Breakfast with Solomon - Matthew 5:10


"Blessed are those who have been persecuted for the sake of righteousness, for theirs is the kingdom of heaven"

When you take a stand for what is right, you are blessed. You may suffer but it means you have taken a stand on the side of right and not just expedient or selfish or practical. At this point we must have a discussion about what is right. Those in Jesus’ culture did not have any question about that. What was right lived inside of the boundaries of the Ten Commandments. All Jesus did was clarify what righteousness was as a positive. It was to meet the needs of others. It was to love. The people of Jesus’ day had tried to fashion righteousness out of not crossing the boundaries of the Ten Commandments. But that is not righteousness; that is the limit of righteousness. What is righteous is love: to meet needs, to pursue the soul, and to please. This is what we are supposed to do in this life.

We are supposed to do this with God, ourselves, and others. Now technically God has no needs we can meet, so all we can do to love Him is to pursue Him and please Him.

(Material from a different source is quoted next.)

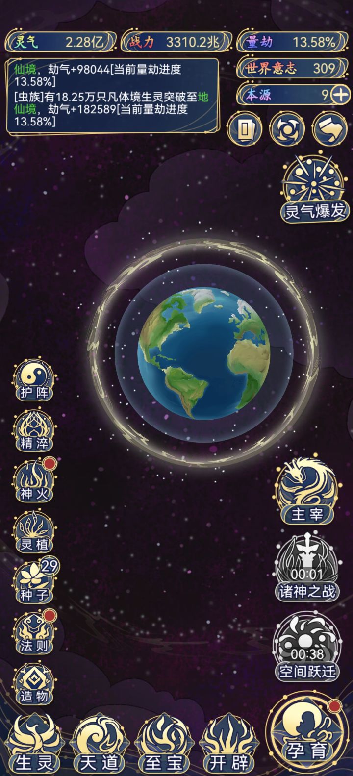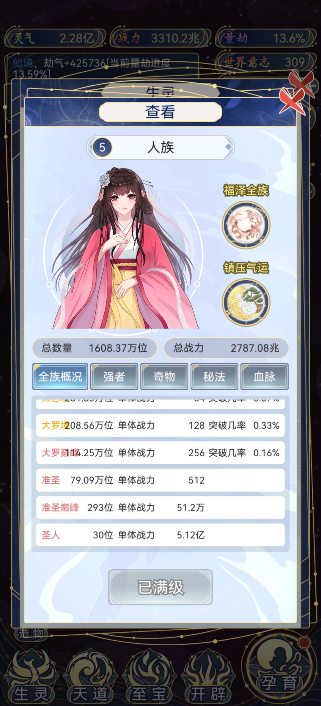 前期发展单种族,把血脉和强者集中在一个种族身上,战力提升快。再努力攒世界意志,进入大千世界后就可以发展全种族了,这是迟早的事。每个种族都有上限的,等你把各种族科技树和宝物等级全部升满之后,本源的消耗就下降一大截了,再努力刷人口和域外征战,福佑各种族,战力慢慢就提升起来了。后期就是看广告、空间跃迁、灵气转化本源、灵气刷人口、域外征战、刷圣人…

To be persecuted for righteousness means to suffer in some way because you are meeting real needs of people or you are unwilling to go beyond the Ten Commandments to meet other’s needs. We can be persecuted for either of these aspects of righteousness. Jesus says it is a great blessing to have suffered for either stand for righteousness. It is also important to say that what we are talking about in righteousness is Ethics 101. The two questions of ethics are who benefits? And who is harmed? God tells us that people and society will be harmed if you stay outside of the Ten Commandments. Jesus declares that society and the individual will be harmed if there is not any love. People are benefited by love and harmed by actions outside of the Ten Commandments. By the way, it doesn't matter the intent of the action if it is outside of the Ten Commandments. It is not love and it is not righteous.